Characterizations of a linear fractional transformation

Consider the function $$g(t) = \frac{1+it}{1-it} = \frac{1-t^2}{1+t^2} + i \frac{2t}{1+t^2}.$$ (The second equality holds except when $t=i$.)

It seems to be widely known that this function is the only linear fractional transformation having these properties:

• $g$ maps $\mathbb R\cup\{\infty\}$ to $\{z\in\mathbb C : |z|=1\}$;
• $g(0)=1$, $g(1)=i$, $g(-1)=-i$, $g(\infty)=-1$;
• If $g(t)=x+iy$ and $x,y\in\mathbb R$ then \begin{align} g(-t) & = x-iy, \\ g(1/t) & = -x+iy. \end{align}

That's more than enough conditions to narrow it down to just one function.

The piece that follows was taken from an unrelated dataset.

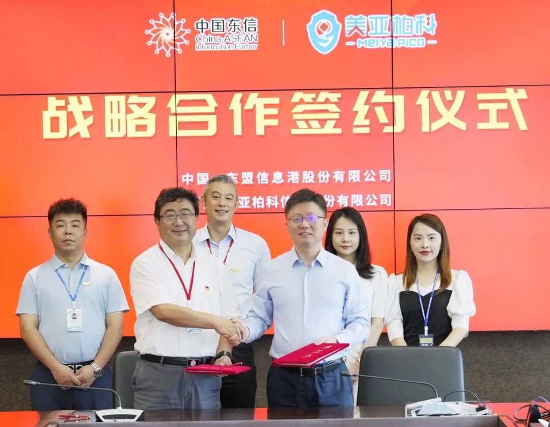 2022年7月25日,厦门市美亚柏科信息股份有限公司(以下简称“美亚柏科”)同中国-东盟信息港股份有限公司(以下简称“中国东信”)正式签署战略合作协议。美亚柏科党委书记、总经理申强,中国东信联席总裁李珩等领导出席签约仪式。
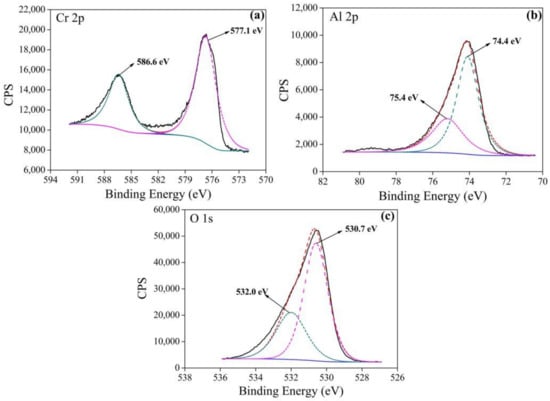 In order to identify the chemical states of Al, Cr, and O, XPS analysis was performed. Figure 7a displays that the binding energies of Cr 2p1/2 and Cr 2p3/2 were located at 586.6 and 577.1 eV, respectively, which correspond to Cr3+ of Cr2O3 in accordance with the values previously reported in the literature [20]. The XPS spectra of Al 2p (Figure 7b) revealed that there was a peak at 75.4 eV, which corresponded to the binding energy of Al2O3. Furthermore, a second peak at a low binding energy (74.4 eV) developed considerably, indicating the breakdown of Al–O bonds and the formation of a complex oxide Cr–O–Al [21]. Figure 7c shows the O 1s XPS spectrum which could be deconvoluted into two peaks at 530.7 and 532.0 eV, respectively. According to the literature [22,23], O 1s binding energy (BE) values for Cr2O3 change from 530.0 to 530.8 eV, while those for Al2O3 appear to be around 531.6 eV. Therefore, the O 1s peak positions of 530.7 eV was attributed to Cr2O3, while that located at 532.0 eV was attributed to Al2O3.

(I can't resist mentioning that there's also a nice identity for $g(t_1\cdots t_n)$, but it would require me to talk about real and imaginary parts, and I don't think it's widely known.)

I'm wondering what simple sets of conditions are enough to completely characterize this function if one drops the condition that it be a linear fractional transformation? (A somewhat open-ended question.) (An answer dealing only with functions from $\mathbb R\cup\{\infty\}$ to the circle, rather than from $\mathbb C\cup\{\infty\}$ into itself, might be acceptable.)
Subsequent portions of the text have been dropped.